Copy, exactly and without additions, every line in the records below from the one holding "Dimanaf 2025 Лето" through the one holding "This women's knee-length", both ends included.

**Given records:**
-=-=-=-=-
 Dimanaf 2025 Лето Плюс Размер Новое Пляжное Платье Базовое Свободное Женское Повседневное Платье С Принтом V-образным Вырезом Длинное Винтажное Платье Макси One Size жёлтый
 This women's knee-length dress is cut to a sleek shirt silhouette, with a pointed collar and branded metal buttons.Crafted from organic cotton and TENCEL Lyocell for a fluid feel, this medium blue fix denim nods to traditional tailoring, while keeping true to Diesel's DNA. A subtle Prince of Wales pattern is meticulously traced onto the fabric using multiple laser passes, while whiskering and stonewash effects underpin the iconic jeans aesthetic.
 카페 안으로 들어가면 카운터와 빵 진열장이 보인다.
-=-=-=-=-
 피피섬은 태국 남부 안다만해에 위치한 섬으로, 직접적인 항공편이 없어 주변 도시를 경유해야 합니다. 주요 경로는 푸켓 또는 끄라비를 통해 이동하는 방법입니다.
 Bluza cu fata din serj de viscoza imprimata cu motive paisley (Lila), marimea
-=-=-=-=-
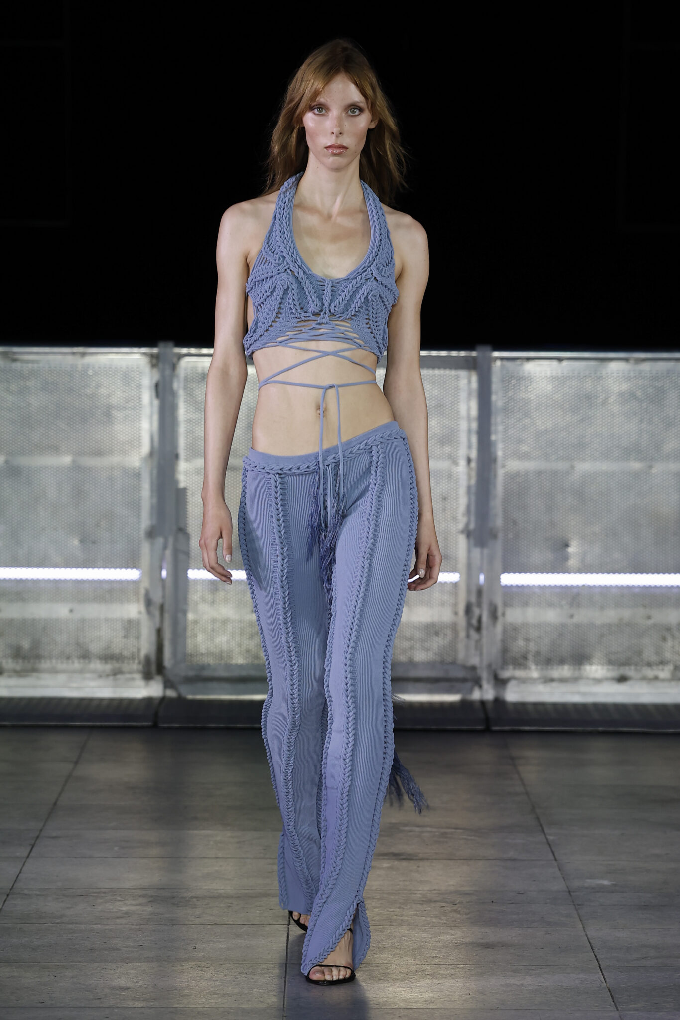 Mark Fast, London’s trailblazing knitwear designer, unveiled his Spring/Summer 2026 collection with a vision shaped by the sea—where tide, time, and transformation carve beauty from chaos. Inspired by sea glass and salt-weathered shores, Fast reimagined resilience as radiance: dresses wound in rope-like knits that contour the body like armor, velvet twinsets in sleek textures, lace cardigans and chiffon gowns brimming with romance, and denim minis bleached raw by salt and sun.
-=-=-=-=-
**Expected answer:**
 Dimanaf 2025 Лето Плюс Размер Новое Пляжное Платье Базовое Свободное Женское Повседневное Платье С Принтом V-образным Вырезом Длинное Винтажное Платье Макси One Size жёлтый
 This women's knee-length dress is cut to a sleek shirt silhouette, with a pointed collar and branded metal buttons.Crafted from organic cotton and TENCEL Lyocell for a fluid feel, this medium blue fix denim nods to traditional tailoring, while keeping true to Diesel's DNA. A subtle Prince of Wales pattern is meticulously traced onto the fabric using multiple laser passes, while whiskering and stonewash effects underpin the iconic jeans aesthetic.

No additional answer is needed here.